According to the Dallas Star-Telegram, yearbook editor Megan Estes wanted the yearbook to reflect the experiences of the entire student body, not just the jocks and brainiacs. Seniors Brittani Shipman and Robin Robertson agreed to appear in the teen mother feature.

“It really hurts [the girls] when they hear people talking about them … These are people with real lives — not just something you gossip about in high school,” Estes said, according to the Student Press Law Center.

The yearbook adviser, a former professional newspaper woman, and the staff looked through old yearbooks and found similar articles on teen pregnancy, and so thought the subject was safe.

Principal Paul Cash thought otherwise, and told them they had to pull the feature. Astonishingly, he said high school publications are for educational purposes only, and they are not intended to be venues for student expression, according to the Student Press Law Center.

Cash told the Star-Telegram, “I appreciate the slant they took about individuals overcoming hardships. But the publication is a reflection of the community. I try to uphold the values of our community.”

As for the superintendent and school board, they were willing to hear Estes’ grievances, but said their deliberations would take several weeks, meaning the yearbook had to go to press without the teen-mother feature.

Wimps.

It’s now water under the bridge, but the yearbook staff may have a legitimate complaint if they wanted to pursue this matter in the courts. It would be a tough fight. A 1988 Supreme Court decision allows school officials to censor student publications if they can provide a reasonable educational justification for the censorship.
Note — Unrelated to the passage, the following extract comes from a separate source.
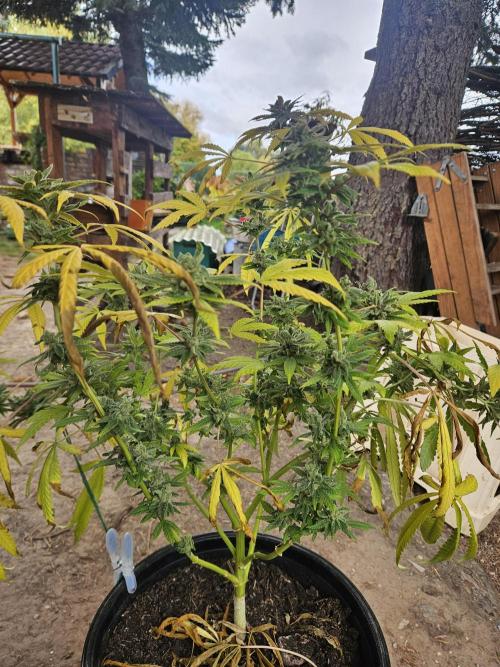 Mannirumpel420 Sie genießen nocheinmal die Sonne.Ich stelle sie so oft wie möglich raus,damit der Wind Schimmelbildung verbeugt.Eine Pflanze hat schon sehr dicke Buds,jedoch eine geringere Trichomproduktion.Die andere hat kleine kompakte Blüten,welche mit trichomen übersät sind.In ungefähr 2 Wochen sollten sie bereit zur Ernte sein.

Since Cash argued that featuring teen mothers in the publication contradicted the abstinence-only curriculum, he was offering a “reasonable educational justification,” at least in his mind. Methinks he would rather not advertise how clearly that curriculum is not working 100% of the time.

His community standard argument is a crock, though. If community is against teen pregnancies, that’s understandable. To bury its head in the sand and deny teens do get pregnant, that’s just plain stupid. Admitting teen mothers exist is not the same as encouraging teenage girls to become mothers while still in high school. That’s the largely discredited argument abstinence-only lovers offer against more realistic sex ed curricula: tell the kids how sex can be done with contraception and they’ll all run out and try it.

We may never get to read the proposed article, but it’s safe to assume the two girls featured in it would not advise their peers to become mothers early on. They both took the brave — and difficult — path to keep their kids and continue with their education, regardless of the social consequences and nasty gossiping.

Publicizing their choices and decisions would actually bolster the argument for abstinence-only behavior, however unrealistic that advice may be. Instead, Burleson High’s students may never get that kind of an education, because of blue-nosed administrators.